Summers lost Harvard billions
By Kevin Connor • Nov 29, 2009 at 12:27 EST
The Boston Globe has an excellent piece on Larry Summers’ mismanagement of Harvard’s finances today. As president from 2001 to 2006, Summers overstepped his presidential duties and pushed most of the university’s cash into the market, against the frantic warnings of his investment chiefs. These moves lost Harvard close to $2 billion.
The article opens with a debate, Summers’ preferred mode of personal interaction:
It happened at least once a year, every year. In a roomful of a dozen Harvard University financial officials, Jack Meyer, the hugely successful head of Harvard’s endowment, and Lawrence Summers, then the school’s president, would face off in a heated debate. The topic: cash and how the university was managing – or mismanaging – its basic operating funds.

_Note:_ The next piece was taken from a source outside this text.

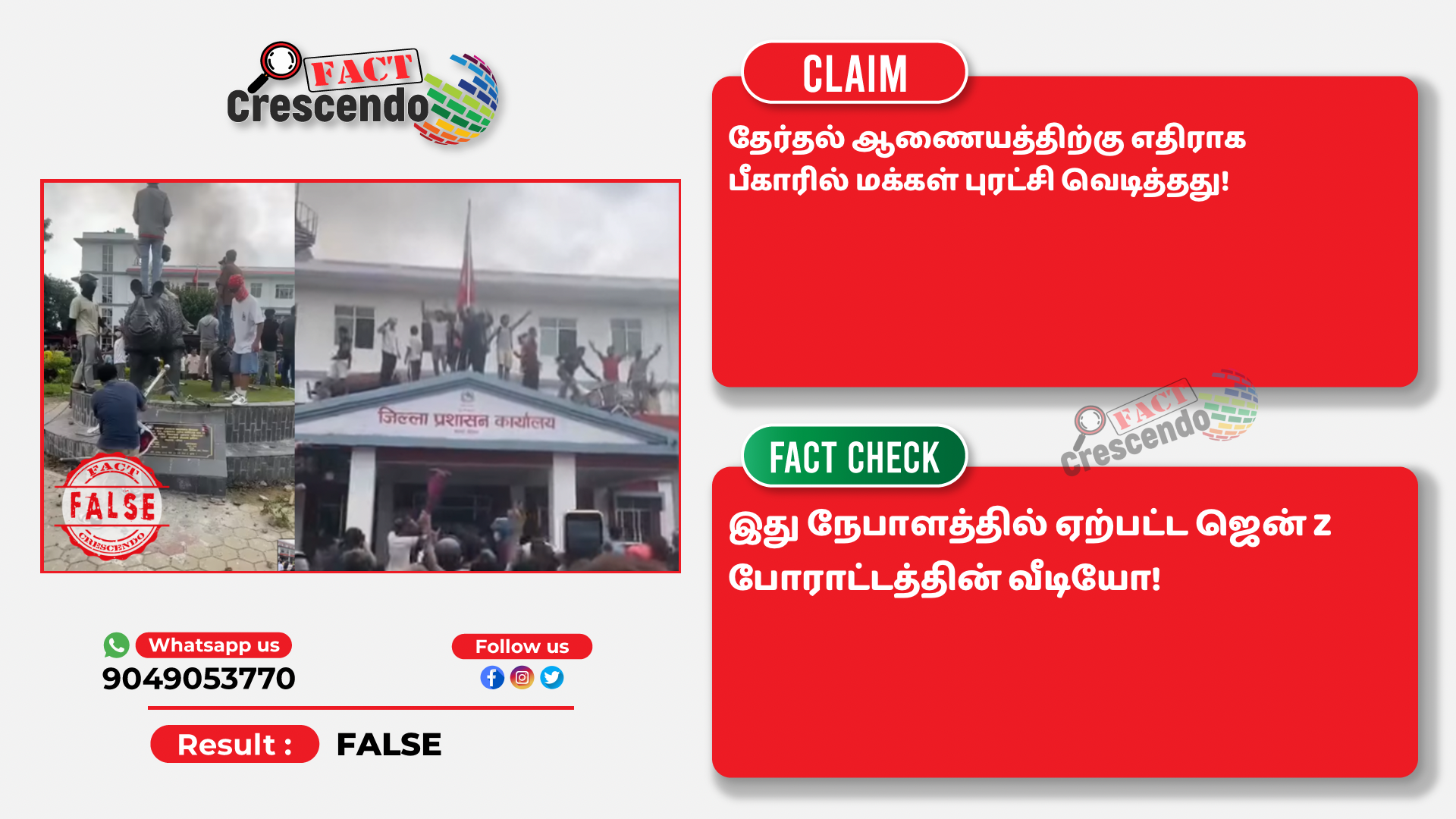 நேபாள புரட்சியின் போது எடுக்கப்பட்ட வீடியோவை தேர்தல் ஆணையத்திற்கு எதிராக பீகார் மக்கள் புரட்சி என்று தவறாக பதிவிட்டிருப்பதை தகுந்த ஆதாரங்கள் அடிப்படையில் ஃபேக்ட் கிரஸண்டோ தமிழ் உறுதி செய்துள்ளது. எனவே, நமது வாசகர்கள், இத்தகைய தவறான செய்தி, புகைப்படங்கள், வீடியோ போன்றவற்றை உறுதி செய்யாமல் மற்றவர்களுக்குப் பகிர வேண்டாம் என கேட்டுக் கொள்கிறோம். வாசகர்கள் தங்களுக்கு சந்தேகம் என்று தோன்றும் தகவல், பதிவு, புகைப்படம், வீடியோவை எங்களது வாட்ஸ் ஆப் எண்ணிற்கு (+91 9049053770) அனுப்பினால், அதுபற்றி ஆய்வு செய்து உண்மை விவரத்தை வெளியிடுகிறோம்.

Through the first half of this decade, Meyer repeatedly warned Summers and other Harvard officials that the school was being too aggressive with billions of dollars in cash, according to people present for the discussions, investing almost all of it with the endowment’s risky mix of stocks, bonds, hedge funds, and private equity. Meyer’s successor, Mohamed El-Erian, would later sound the same warnings to Summers, and to Harvard financial staff and board members.
Summers essentially makes Wall Street look both smart and humble. An incredible feat!
The entire article is well worth a read.
Summers works two floors above the Oval Office right now. You have to wonder: what kinds of debates is he (brilliantly) winning right now?
Tags: harvard, Harvard Management Company, Summers
Posted in Uncategorized | 1 Comment »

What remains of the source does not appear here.